As chief information officer for the Olympic Games, Gerry Pennell started his new job with the expectation that he would be subject to cyber attacks. There had been a history of failed attacks on previous Olympics and on other big sporting events.
“We had attacks at some level every single day of the games and beforehand,” he says. “Most were fairly trivial, but some were significant.”
Whereas a normal organisation might be concerned about attackers stealing intellectual property or customer information, his primary concern was disruption. It could just be defacing the high-profile website to make a political point, the embarrassment of the website not being available to people checking for results or, in the worst case, disruption of the operational systems affecting the games.
Mr Pennell explains that the perpetrators might be lone hackers who just want to make a name for themselves. There are also hacktivists, loose hacking groups who use distributed denial of service (DDoS) attacks to saturate a website with so much traffic that it cannot serve ordinary users. Most are manual and involve a lot of people, but some are sophisticated with a central controller managing a network of computers to attack simultaneously.
“Hacktivists want to make a political point on the back of a high-profile event and 2012 was just sitting there,” he says. “Beyond that, but least likely, are much more sophisticated attacks aimed at disrupting the core systems. There are not many organisations on the planet that could reasonably do that and they wouldn’t be amateurs. They would be sponsored by a state, terrorist organisation or organised crime.”
The biggest attack lasted 40 minutes with website requests coming from lots of residential broadband connections
Mr Pennell’s team was able to design security into the system architecture from the outset. Their security policies and strategy were integrated with the overall security and resilience strategy led by Sir Ian Johnston, director of security at the London Organising Committee for the Olympic and Paralympic Games (LOCOG). The team also worked with Atos which integrated the core systems, BT which hosted the website and provided intrusion detection systems, and Omega which managed the timing, scoring and results systems.

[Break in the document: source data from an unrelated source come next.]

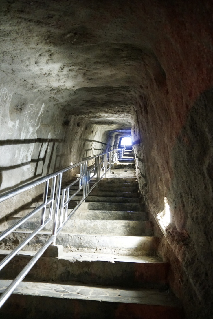 (中へ入ると下へ降りる階段 奥の光が入口)
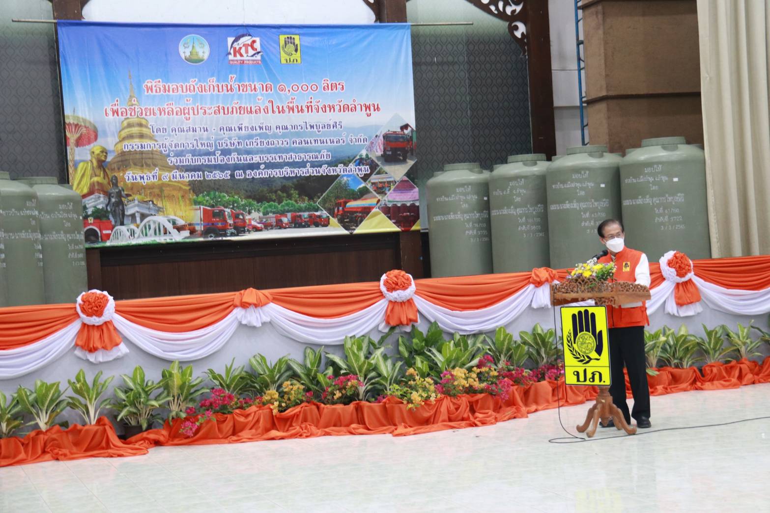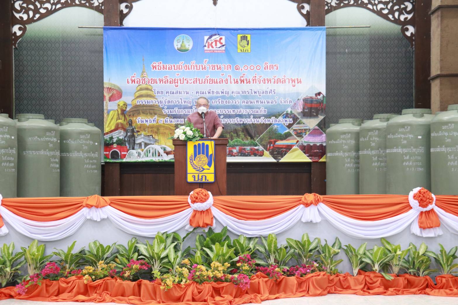 นายธนา นวลปลอด นักวิเคราะห์นโยบายและแผนชำนาญการพิเศษ รักษาราชการแทนหัวหน้าสำนักงานป้องกันและบรรเทาสาธารณภัยจังหวัดลำพูน กล่าวว่า จากสถานการณ์ภัยแล้งที่เกิดขึ้น ได้ก่อให้เกิดผลกระทบต่อชีวิตและความเป็นอยู่ของประชาชนในพื้นที่จังหวัดลำพูนเป็นประจำทุกปี โดยเฉพาะประชาชนที่อยู่ในพื้นที่ห่างไกล ทั้งนี้ คุณสมาน คุณากรไพบูลย์ศิริ กรรมการผู้จัดการใหญ่ บริษัท เกรียงถาวร คอนเทนเนอร์ จำกัด พร้อมคณะฯ มีความประสงค์จะมอบสิ่งของบริจาคให้กับหมู่บ้านที่ประสบปัญหาภัยแล้ง ตลอดจนผู้ยากไร้ ผู้สูงอายุ และผู้พิการ เพื่อบรรเทาความเดือดร้อนของประชาชนในพื้นที่จังหวัดลำพูน โดยมีสิ่งของที่บริจาค ประกอบด้วย ถังบรรจุน้ำขนาด 1,000 ลิตร จำนวน 150 ถัง ให้กับหมู่บ้านที่ประสบภัยแล้งเพื่อใช้เป็นถังน้ำกลางประจำหมู่บ้าน กล่องพลาสติกบรรจุสิ่งของอุปโภคบริโภค จำนวน 150 กล่อง ให้ผู้ที่ยากไร้ขาดแคลน เก้าอี้สุขาพลาสติก จำนวน 150 ตัว ให้กับผู้สูงอายุ และ ผู้ทุพพลภาพ(บกพร่องทางร่างกาย)
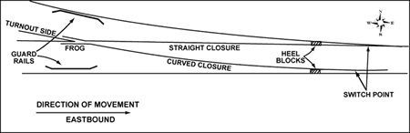 The turnout located at Mile 78.13 was a CN No. 12, 115-pound, hand-operated (CN Standard Plan Drawing TS-012) with the switch points facing east (see Appendix A). There were no records on the origin and history of the north switch point rail. It was rolled in 1965 but was probably never installed in track before its installation at the accident site in 2004. It had less than 2 mm of wear.
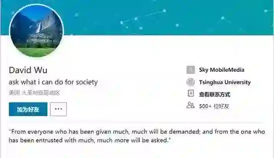 在他的领英主页上,姓名下方写的是“问问自己能为社会做些什么”,签名栏则引用了《圣经》中的一段文字作为自勉:
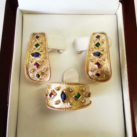 Комплект «Византия» из золота 750 пробы с натуральными рубинами, сапфирами, изумрудами и бриллиантами. Ручная работа. -
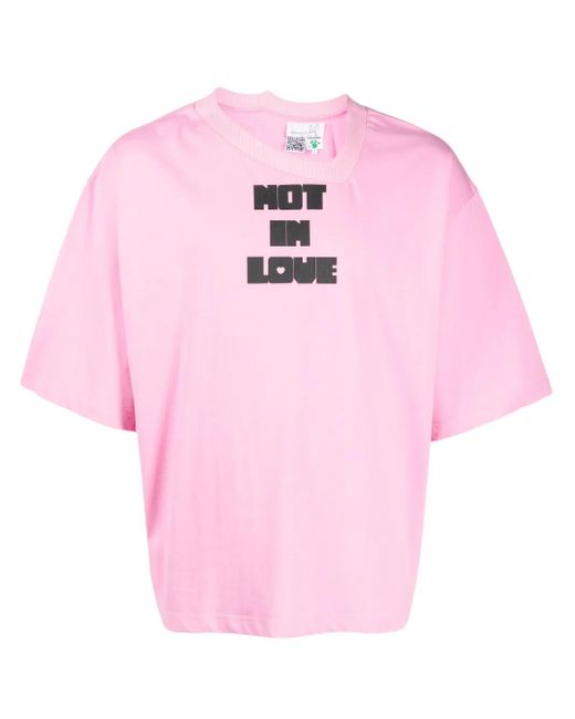 バブルガムピンク、コットン、テキストプリント、ラウンドネック、ショートスリーブ、ストレートな裾。こちらの商品は男女兼用です。メンズサイズでの展開となりますのでご注意ください。 Size: XS. Gender: Unisex. Material:コットン.
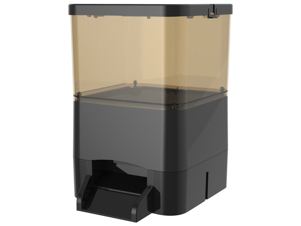 S kapacitou 8 litrů, rozšiřitelnou na 15 litrů, je toto krmítko schopné uspokojit potřeby i větších chovů. Bez obav z výpadku proudu, krmítko si pamatuje nastavení díky záložní paměti. Standardní napájení zajišťují 4 AA baterie, ale můžete využít i dobíjecí baterii s nabíječkou, solární panel nebo síťový adaptér.

The multilayer defence-in-depth strategy involved the website being managed from a different data centre to the internal systems. The key operational systems for running and reporting events were in a separate computing environment from the rest of the organisation’s systems, with additional controls.
LOCOG also used a content distribution network, with the website being copied and served from hundreds of end-points around the world, making DDoS attacks that much harder.
The organisation employed third-party penetration testers to try to hack into the website and other public-facing systems. LOCOG operated a 190-seat technical operations centre, which was manned 24 hours a day by staff from LOCOG, Atos, BT, Omega, Acer, Ofcom and other technology partners. It included two dedicated security staff, supported by the others.
“As important as technology is how you deal organisationally with incidents when they happen,” says Mr Pennell. “It may not be what you expected when you designed it, so you need to think hard about how you respond.”
In March and May 2012 LOCOG carried out technical rehearsals of all its operational plans. It ran a large number of problem scenarios, including security and cyber attacks. Mr Pennell says that, although it was partly to test the technology, it was more to practise management and team responses to problems.
With the start of the games looming, Mr Pennell was acutely aware of the increasing scale and sophistication of the cyber attacks between 2011 and 2012. In the event, the security monitoring systems logged 165 million relevant events. Most were of no concern, such as password changes and new devices being connected. Just 783 required any investigation and most were innocent.
Mr Pennell’s team only had to react to six significant cyber-security events. The first was an automated attack lasting ten minutes. “It looked like a group of semi-professional hackers in Europe probing to find out if there was an easy way in,” he says. “They were probably driven by a desire to get some kudos from identifying vulnerability. None was found and we heard no more from them.”
The biggest attack lasted 40 minutes with website requests coming from lots of residential broadband connections. This was probably an automated attack from somebody using malware to control lots of home computers. It had no effect because it didn’t get past the perimeter of the content distribution network.
On another day, LOCOG’s systems detected a lot of public Twitter postings, to #opletthegamesbegin and #theddosolympics, encouraging the execution of DDoS attacks on its and other games-related websites. When the attacks came they had no impact.
There were also a couple of attacks on the separate internet services used by the accredited media and press agencies. The attacks were thought to be caused by malware in a press agency computer.
“Your monitoring systems have to work out what is genuinely suspicious, from the broad mass of information that you are processing,” Mr Pennell says. “You also need good intelligence feedback.”
He warns that information security is not just about technology. It is about having the right security policy, developing a security culture and building effective security operations.
“You cannot just think about the next security tool, you must think about the whole way you organise yourself,” he says. “Despite all the activity, there was no actual disruption or impact, so our mission was accomplished.”
The day after the Olympic closing ceremony, the International Olympic Committee presented Mr Pennell and other LOCOG directors with the silver Olympic Order for his role in delivering the London 2012 Games.